___ Input for this task

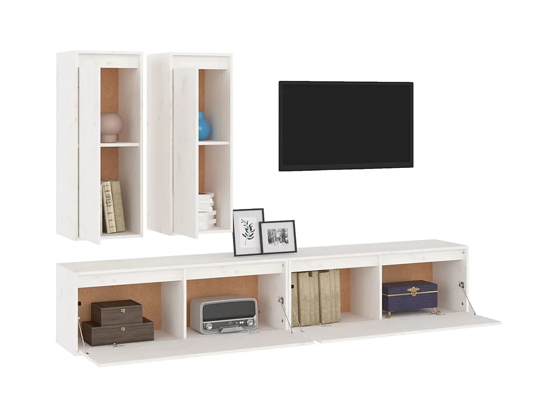 muebles para TV | Gabinetes de TV | Muebles de salón 4 piezas madera maciza de pino blanco
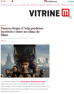 O site Metrópoles publicou vitrine com produtos comemorativos do lançamento de Pantera Negra 2, que contou com Sophie e Quasar Next Wakanda, do Boticário. Clique
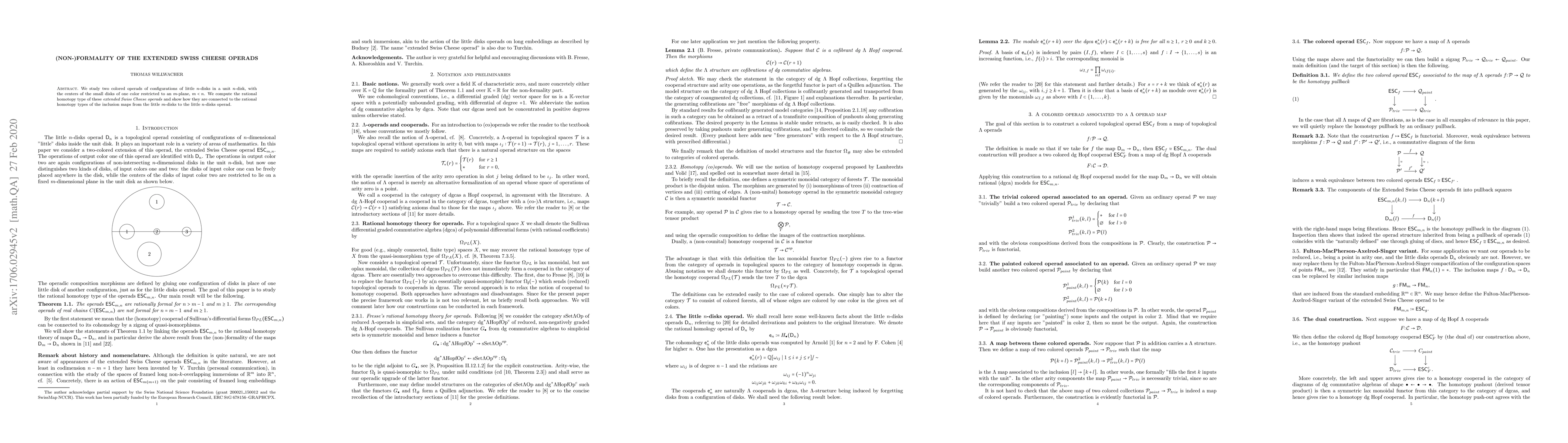 This paper computes the rational homotopy type of extended Swiss Cheese operads, which describe configurations of little $n$-disks with centers in a lower-dimensional $m$-plane, and links these to the rational homotopy types of inclusion maps from little $m$-disks to little $n$-disks operads.
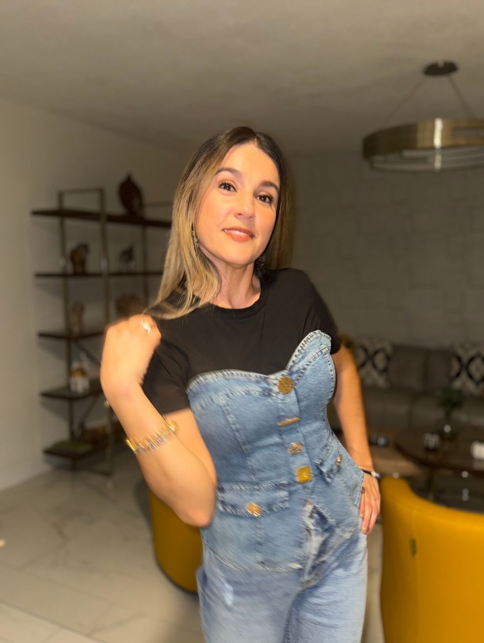 Camisa tipo corset en mezclilla con botones dorados decorativos y estructura entallada que realza la silueta.
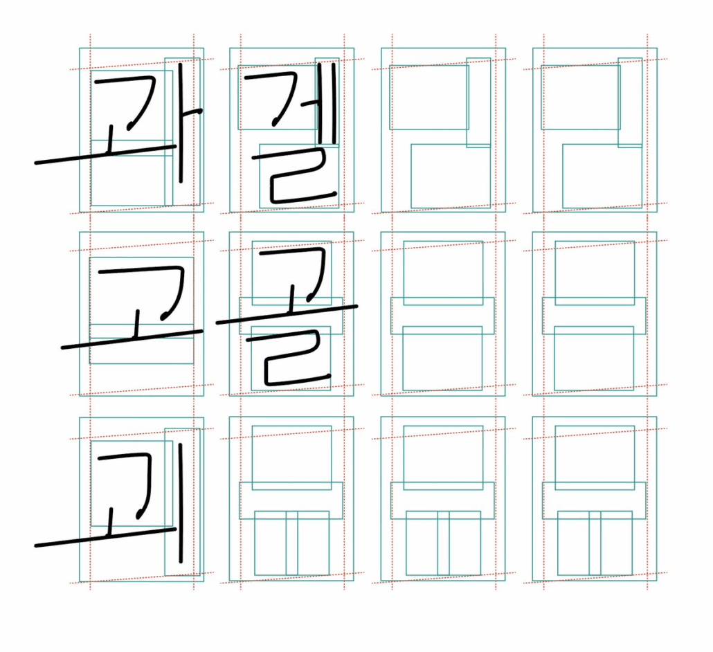일단 가로 세로를 한 번에 작업하기 때문에 일정하게 균형을 유지할 수 있습니다. 특히 세로줄의 ㅏㅣㅖㅒㅞㅟㅘㅙ 등의 모양을 기준으로 잡고 작업을 하며 ㅗㅡㅜㅠㅛ 와 같은 가로줄의 가이드를 맞출 수 있습니다. 작업에 대한 방법론은 영상으로 남기겠지만 일단 방법론에 대해서 이야기드립니다.
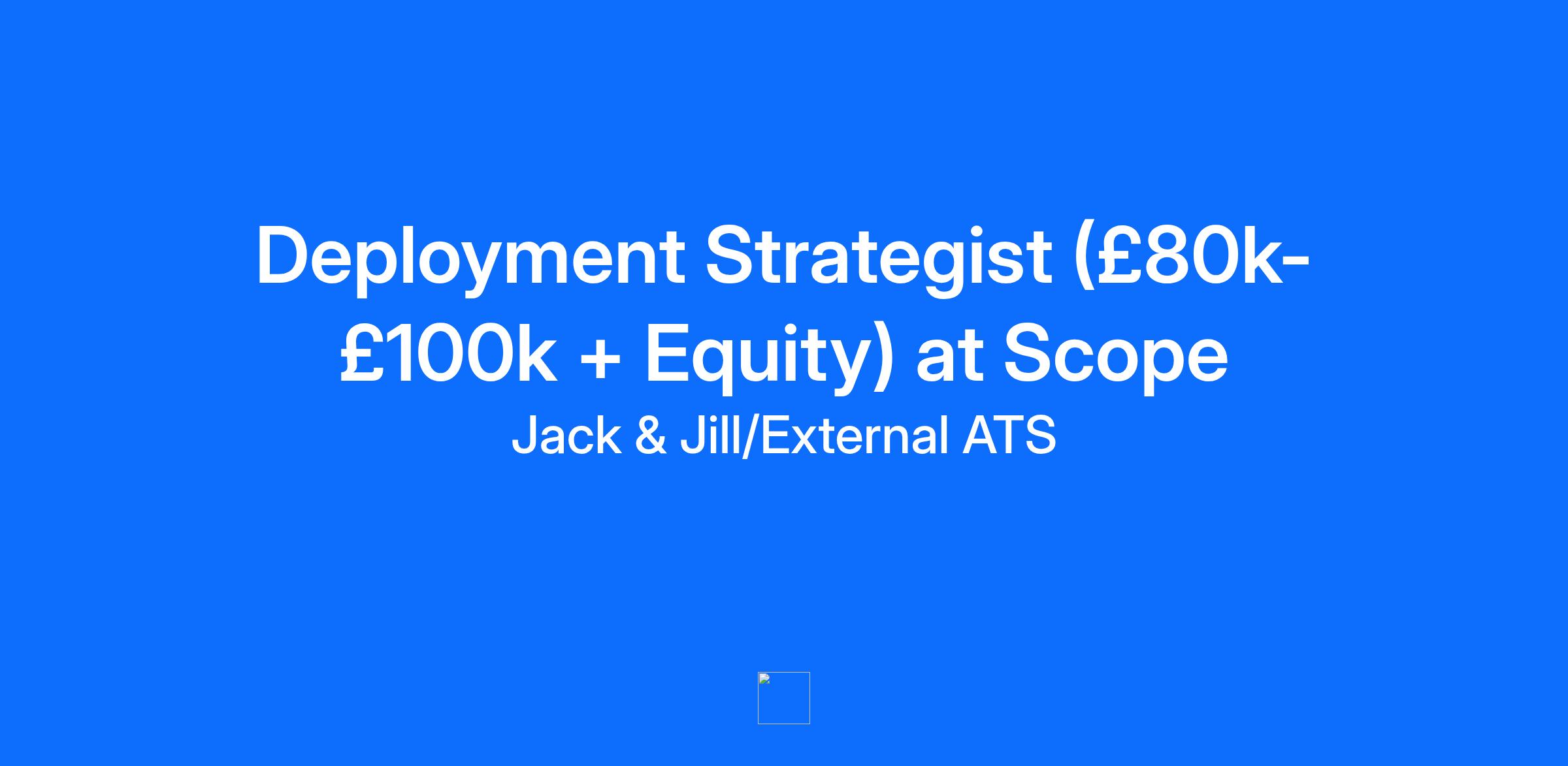 This is a job that we are recruiting for on behalf of one of our customers. To apply, speak to Jack. He's an AI agent that sends you unmissable jobs and then helps you ace the interview. He'll make sure you are considered for this role, and help you find others if you ask. Deployment Strategist Salary: £80k–£100k + Equity Company Description: Scope is a fast-growing AI startup building an AI-native workflow platform for large enterprises, helping them streamline critical processes and scale operational performance. Job Description: Scope is hiring an early-career Deployment Strategist to scale post-sales processes and drive the growth of large enterprise accounts. You’ll operate at the intersection of business and product, translating customer needs into roadmap priorities while navigating complex organizations to close and expand 6–8 figure contracts. This is a high-responsibility, high-upside role with significant exposure to leadership and substantial earning potential. Location: London, UK Why this role is remarkable: Directly influence the growth trajectory of a rapidly scaling AI company by managing high-value enterprise accounts. Benefit from uncapped earning potential, with 1–2% of new account value. Shape the product roadmap through direct translation of customer needs into feature requirements. What you will do: Build and run post-sales processes, scaling client accounts from hundreds to hundreds of thousands of reports. Serve as the primary customer-facing contact, converting client needs into product roadmap items. Navigate complex enterprises to close and expand high-value (6–8 figure) contracts. The ideal candidate: An ambitious early-career generalist eager to take on meaningful responsibility and ownership. Demonstrated ability to manage complex customer relationships and high-stakes environments. Comfortable travelling and putting in the work required to scale accounts with substantial, uncapped upside. How to Apply: To apply for this job speak to Jack, our AI recruiter. Step 1. Visit our website Step 2. Click 'Speak with Jack'. Step 3. Login with your LinkedIn profile. Step 4. Talk to Jack for 20 minutes so he can understand your experience and ambitions. Step 5. If the hiring manager would like to meet you, Jack will make the introduction.
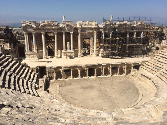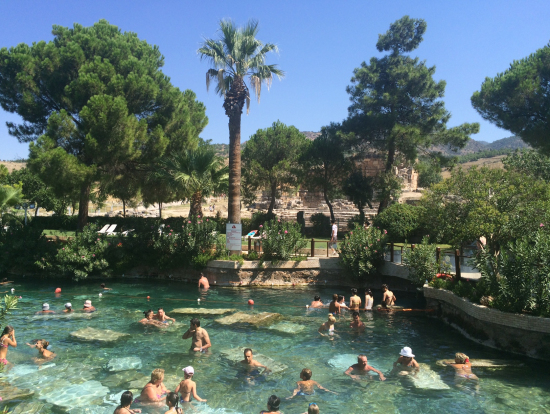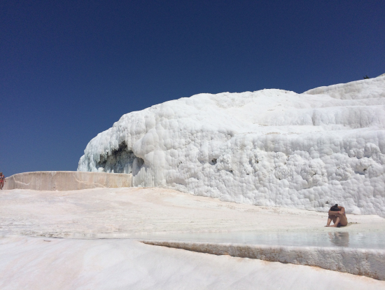 石灰棚はとても雄大で自然の凄さを体感させてくれる素晴らしい景色でした。早朝出発のスケジュールでしたが、参加してよかったと思いました。幸運にも参加者1名で、スケジュールはフレキシブルにできたので、楽しみにしていたテルマルで多めに時間を使うことができました。ぬるめの温度でしたが、プール気分もありながら温泉楽しめました。遺跡がそのままという設定もユニークですね。ヒエラポリスの遺跡巡りは劇場に行くだけで他のネクロポリス等の遺跡は案内されませんでした(後からチェックして気がつきました)。他は全体的によかったので、ここでミソつけられた感が少々残念。
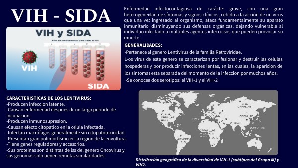 GENERALIDADES: -Pertenece al genero Lentivirus de la familia Retroviridae.L-os virus de este genero se caracterizan por fusionar y destruir las celulas hospederas y por producir infecciones lentas, en las cuales, la aparicion de los sintomas esta separada del momento de la infeccion por muchos años. -Se conocen dos serotipos: el VIH-1 y el VIH-2
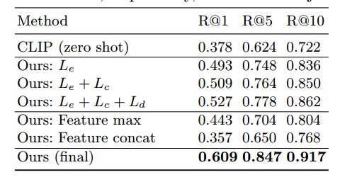 表1比较了我们的方法的Recall@{1, 5, 10}和当前基于文本的图像检索的最先进的方法
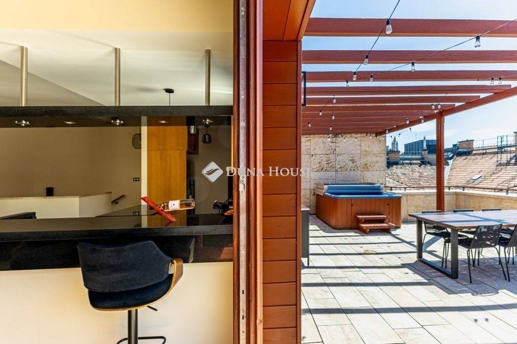 így a társasági életet élők kompromisszumok nélkül élvezhetik a lakás előnyeit, amit a hatalmas méretű terasz és az itt található jacuzzi tesz igazán unikálissá és koronáz meg.
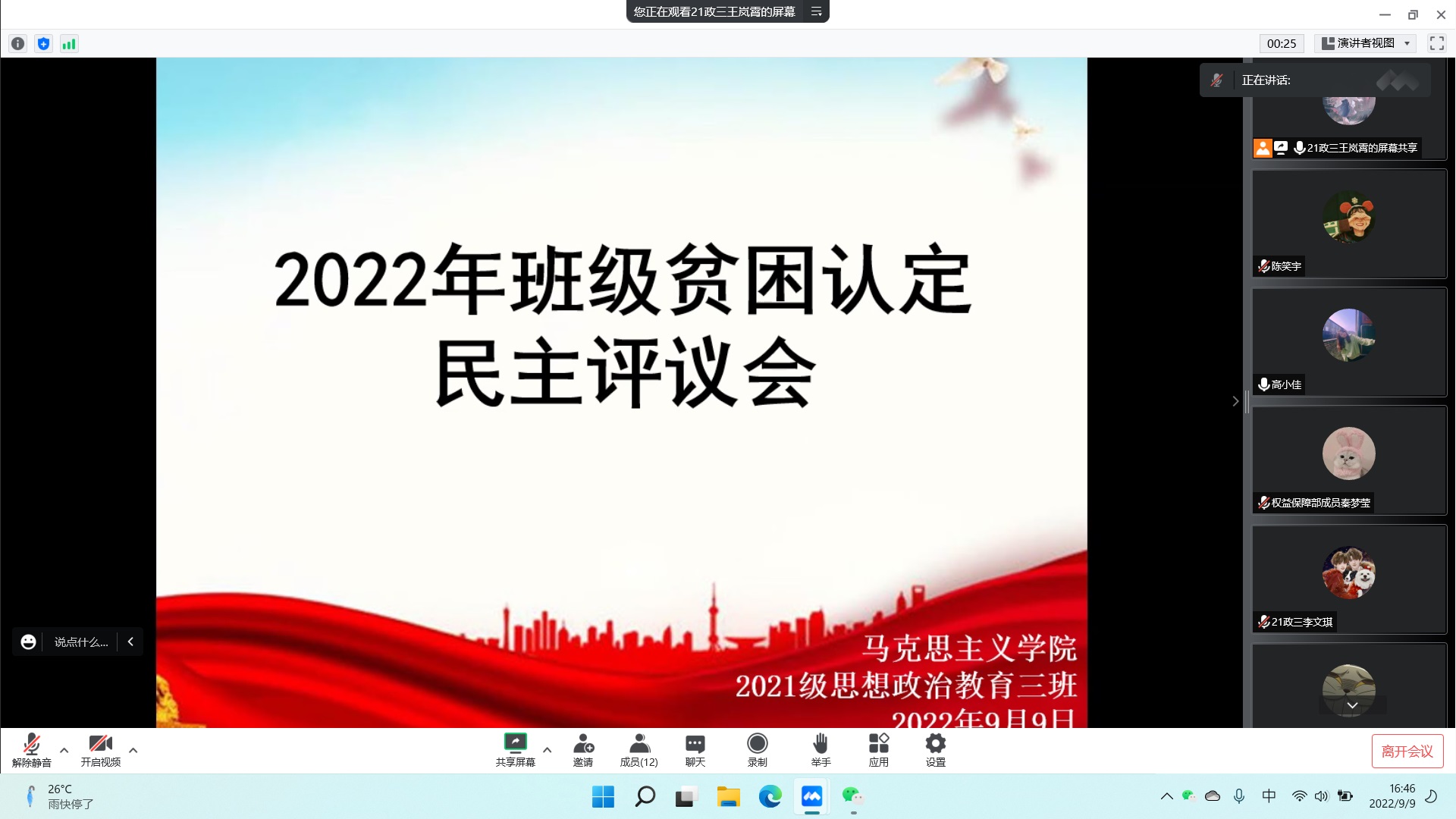 9月9日下午,永利集团官网2021级思想政治教育三班召开线上2022年班级贫困认定民主评议会。2021级思想政治教育三班贫困认定委员团全体成员以及权益保障部秦梦莹、宣传委员陈笑宇参与此次会议。会议由团支书王岚霄主持。

______

▶ _Work task_:
Give every line of the records above again, exactly, and omit the pictures.

▶ _Answer to this problem_:
 muebles para TV | Gabinetes de TV | Muebles de salón 4 piezas madera maciza de pino blanco
 O site Metrópoles publicou vitrine com produtos comemorativos do lançamento de Pantera Negra 2, que contou com Sophie e Quasar Next Wakanda, do Boticário. Clique
 This paper computes the rational homotopy type of extended Swiss Cheese operads, which describe configurations of little $n$-disks with centers in a lower-dimensional $m$-plane, and links these to the rational homotopy types of inclusion maps from little $m$-disks to little $n$-disks operads.
 Camisa tipo corset en mezclilla con botones dorados decorativos y estructura entallada que realza la silueta.
일단 가로 세로를 한 번에 작업하기 때문에 일정하게 균형을 유지할 수 있습니다. 특히 세로줄의 ㅏㅣㅖㅒㅞㅟㅘㅙ 등의 모양을 기준으로 잡고 작업을 하며 ㅗㅡㅜㅠㅛ 와 같은 가로줄의 가이드를 맞출 수 있습니다. 작업에 대한 방법론은 영상으로 남기겠지만 일단 방법론에 대해서 이야기드립니다.
 This is a job that we are recruiting for on behalf of one of our customers. To apply, speak to Jack. He's an AI agent that sends you unmissable jobs and then helps you ace the interview. He'll make sure you are considered for this role, and help you find others if you ask. Deployment Strategist Salary: £80k–£100k + Equity Company Description: Scope is a fast-growing AI startup building an AI-native workflow platform for large enterprises, helping them streamline critical processes and scale operational performance. Job Description: Scope is hiring an early-career Deployment Strategist to scale post-sales processes and drive the growth of large enterprise accounts. You’ll operate at the intersection of business and product, translating customer needs into roadmap priorities while navigating complex organizations to close and expand 6–8 figure contracts. This is a high-responsibility, high-upside role with significant exposure to leadership and substantial earning potential. Location: London, UK Why this role is remarkable: Directly influence the growth trajectory of a rapidly scaling AI company by managing high-value enterprise accounts. Benefit from uncapped earning potential, with 1–2% of new account value. Shape the product roadmap through direct translation of customer needs into feature requirements. What you will do: Build and run post-sales processes, scaling client accounts from hundreds to hundreds of thousands of reports. Serve as the primary customer-facing contact, converting client needs into product roadmap items. Navigate complex enterprises to close and expand high-value (6–8 figure) contracts. The ideal candidate: An ambitious early-career generalist eager to take on meaningful responsibility and ownership. Demonstrated ability to manage complex customer relationships and high-stakes environments. Comfortable travelling and putting in the work required to scale accounts with substantial, uncapped upside. How to Apply: To apply for this job speak to Jack, our AI recruiter. Step 1. Visit our website Step 2. Click 'Speak with Jack'. Step 3. Login with your LinkedIn profile. Step 4. Talk to Jack for 20 minutes so he can understand your experience and ambitions. Step 5. If the hiring manager would like to meet you, Jack will make the introduction.
 石灰棚はとても雄大で自然の凄さを体感させてくれる素晴らしい景色でした。早朝出発のスケジュールでしたが、参加してよかったと思いました。幸運にも参加者1名で、スケジュールはフレキシブルにできたので、楽しみにしていたテルマルで多めに時間を使うことができました。ぬるめの温度でしたが、プール気分もありながら温泉楽しめました。遺跡がそのままという設定もユニークですね。ヒエラポリスの遺跡巡りは劇場に行くだけで他のネクロポリス等の遺跡は案内されませんでした(後からチェックして気がつきました)。他は全体的によかったので、ここでミソつけられた感が少々残念。
 GENERALIDADES: -Pertenece al genero Lentivirus de la familia Retroviridae.L-os virus de este genero se caracterizan por fusionar y destruir las celulas hospederas y por producir infecciones lentas, en las cuales, la aparicion de los sintomas esta separada del momento de la infeccion por muchos años. -Se conocen dos serotipos: el VIH-1 y el VIH-2
 表1比较了我们的方法的Recall@{1, 5, 10}和当前基于文本的图像检索的最先进的方法
 így a társasági életet élők kompromisszumok nélkül élvezhetik a lakás előnyeit, amit a hatalmas méretű terasz és az itt található jacuzzi tesz igazán unikálissá és koronáz meg.
 9月9日下午,永利集团官网2021级思想政治教育三班召开线上2022年班级贫困认定民主评议会。2021级思想政治教育三班贫困认定委员团全体成员以及权益保障部秦梦莹、宣传委员陈笑宇参与此次会议。会议由团支书王岚霄主持。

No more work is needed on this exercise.